First published in The Age on June 18, 1981
Quake damage ‘once every 500 years’
Melbourne can expect a damaging earthquake once every 500 years, according to seismologist Mr Gary Gibson.
The tremor that struck Melbourne yesterday was of about the same strength – 5.2 on the Richter scale – as the hypothetical 500-year quake, but was centered 40 kilometres offshore from Apollo Bay.
The impact of the earthquake.Credit:The Age Archives
Tall city buildings rocked, windows rattled and a few people were panicked in Melbourne.
A State Emergency Service spokesman said minor damage was reported in Dandenong, Geelong, Phillip Island, Inverloch, the Mornington Peninsula, St Kilda and Werribee.
“In a 500-year quake in Melbourne there would be enough vibration t to cause considerable damage,” Mr Gibson said. “But people would have to be unlucky to be killed.”
The magnitude of an earthquake is not as important as its location. A relatively puny but shallow earthquake measuring only 4.5 on the Richter scale has been responsible for killing 2000 people in Morocco. A shallow quake struck Warrnambool in 1903 damaging houses, toppling church steeples and bending railway lines.
Mr Gibson, head of the seismology department at the Preston Institute of Technology, said that 250 small earthquakes struck Victoria each year. Despite this, Victoria rates zero on the official worldwide earthquakes risk scale.
Adelaide, which was struck by a magnitude 6.5 shock in 1954, has been assigned the low risk rating of one. There, tall buildings have to be reinforced, adding about 10 per cent to their cost.
Victoria’s seismic history goes back to the opening of the Tasman Sea 100 million years ago, according to Dr Peter Wellman, a geophysicist at the Bureau of Mineral Resources in Canberra.

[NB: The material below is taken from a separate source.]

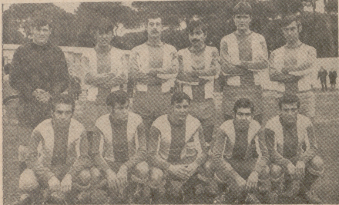
Esta es una de las más recientes formaciones del C. D. Girón. Ante el Atlético Fasa se batió con entusiasmo y logró poner a los automovilistas muy difícil su victoria.

The continental plate that supports Australia on the subterranean sea of molten rock broke up and New Zealand literally floated eastwards.
Australia was drifting northwards over a volcanic hot spot at the same time. Thirty million years ago the hot spot was under Queensland and six million years ago it passed under the Macedon region where lava squeezed through the crust to form landmarks such as Hanging Rock.
The Eastern Highlands were rising throughout this period of seismic activity – and still are. Dr Wellman has traced the uplift, caused by an east-west compression of the continent, by measuring the rate of down-cutting of river valleys.
“Imagine a piece of bread with a diagonal cut across it,” Dr Wellman said. “Pushed together, one piece will over-ride the other. This is what is happening in south-east Australia.
The flexing of the hundreds of fault that lie under Victoria is nothing by comparison with forces unleashed when two continental plates rub against each other – as at the San Andreas fault in California. The Pacific plate there is moving north and the North American plate south. Tension is built up in the rock around the fault until it is released with a sudden, jerking quake.
Earthquake prediction is fast becoming a scientific possibility. Natural phenomena such as the height of water in wells, the strength of the earth’s magnetic fields and the electrical conductivity of rock are known to change subtly just before an earthquake.
The Chinese, who even monitor animal behavior as a means of earthquake prediction, have had about 25 big evacuations sparked by earthquake warnings. In five of these cases severe earthquakes occurred and thousands of lives were saved.
Mr Gibson said it might be extremely difficult to persuade people to leave their homes on the basis of a scientist’s prediction, especially in places such as California where people live through many small quakes.
“If a seismologist could predict an earthquake over there, he would not be game enough to make it public,” Mr Gibson said. “If he were wrong, there would be a strong possibility of legal action from businesses that were forced to close.
For most, a tremor of annoyance
To those Victorians still flat on their backs in bed when yesterday’s earth tremor came, the sensation was pronounced… if a little hard to describe.
People lying down are much more sensitive to the ground movements caused by an earthquake than are people moving about on their feet.
But if yesterday was anything to go by, lying down did not help us to think.
One ‘Age’ reader rang to say that he thought his wife had switched on the family washing machine which apparently shakes the whole house; another called out to his wife to stop slamming the wardrobe door.
Another thought the movement was his dog moving about under his bed and an Edithvale woman called downstairs to her teenage children to “stop wrestling.”